### Given material

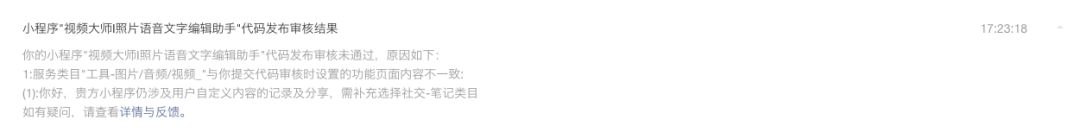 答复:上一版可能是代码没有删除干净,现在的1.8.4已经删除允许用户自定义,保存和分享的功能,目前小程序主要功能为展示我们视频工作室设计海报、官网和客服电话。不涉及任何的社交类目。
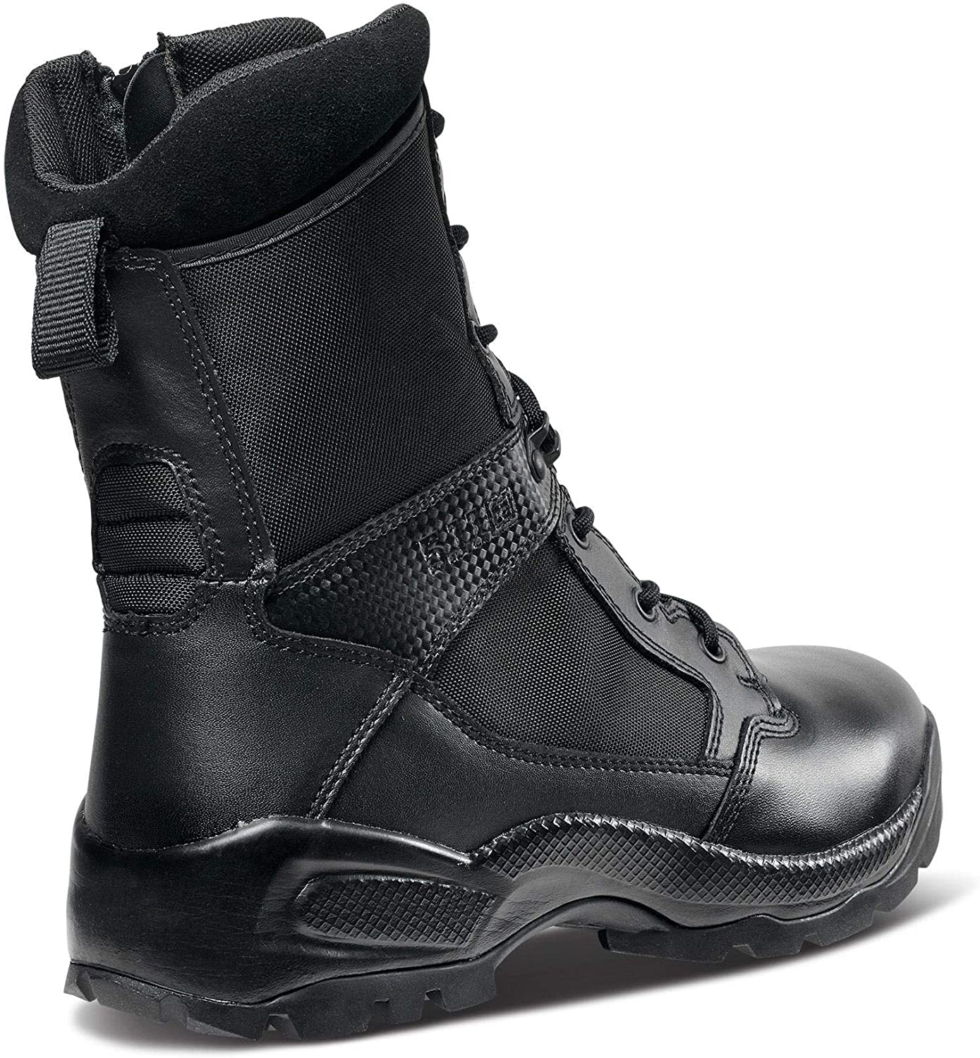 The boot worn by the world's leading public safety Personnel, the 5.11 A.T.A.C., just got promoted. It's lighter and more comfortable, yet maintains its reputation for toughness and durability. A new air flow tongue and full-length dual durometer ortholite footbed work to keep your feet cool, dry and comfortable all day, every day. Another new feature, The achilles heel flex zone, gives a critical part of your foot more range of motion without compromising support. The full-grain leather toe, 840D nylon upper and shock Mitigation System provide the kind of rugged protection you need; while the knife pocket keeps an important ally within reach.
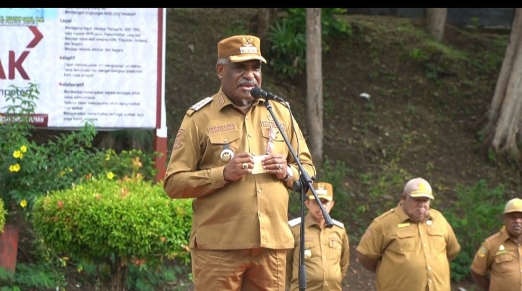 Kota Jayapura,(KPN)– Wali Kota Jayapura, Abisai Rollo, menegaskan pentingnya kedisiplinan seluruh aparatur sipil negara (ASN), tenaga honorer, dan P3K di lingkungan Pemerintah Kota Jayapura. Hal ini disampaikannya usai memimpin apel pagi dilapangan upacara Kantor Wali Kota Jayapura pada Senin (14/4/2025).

### Task objective
Please output the entire listing above verbatim and omit its images.

### Output of the task
 答复:上一版可能是代码没有删除干净,现在的1.8.4已经删除允许用户自定义,保存和分享的功能,目前小程序主要功能为展示我们视频工作室设计海报、官网和客服电话。不涉及任何的社交类目。
 The boot worn by the world's leading public safety Personnel, the 5.11 A.T.A.C., just got promoted. It's lighter and more comfortable, yet maintains its reputation for toughness and durability. A new air flow tongue and full-length dual durometer ortholite footbed work to keep your feet cool, dry and comfortable all day, every day. Another new feature, The achilles heel flex zone, gives a critical part of your foot more range of motion without compromising support. The full-grain leather toe, 840D nylon upper and shock Mitigation System provide the kind of rugged protection you need; while the knife pocket keeps an important ally within reach.
 Kota Jayapura,(KPN)– Wali Kota Jayapura, Abisai Rollo, menegaskan pentingnya kedisiplinan seluruh aparatur sipil negara (ASN), tenaga honorer, dan P3K di lingkungan Pemerintah Kota Jayapura. Hal ini disampaikannya usai memimpin apel pagi dilapangan upacara Kantor Wali Kota Jayapura pada Senin (14/4/2025).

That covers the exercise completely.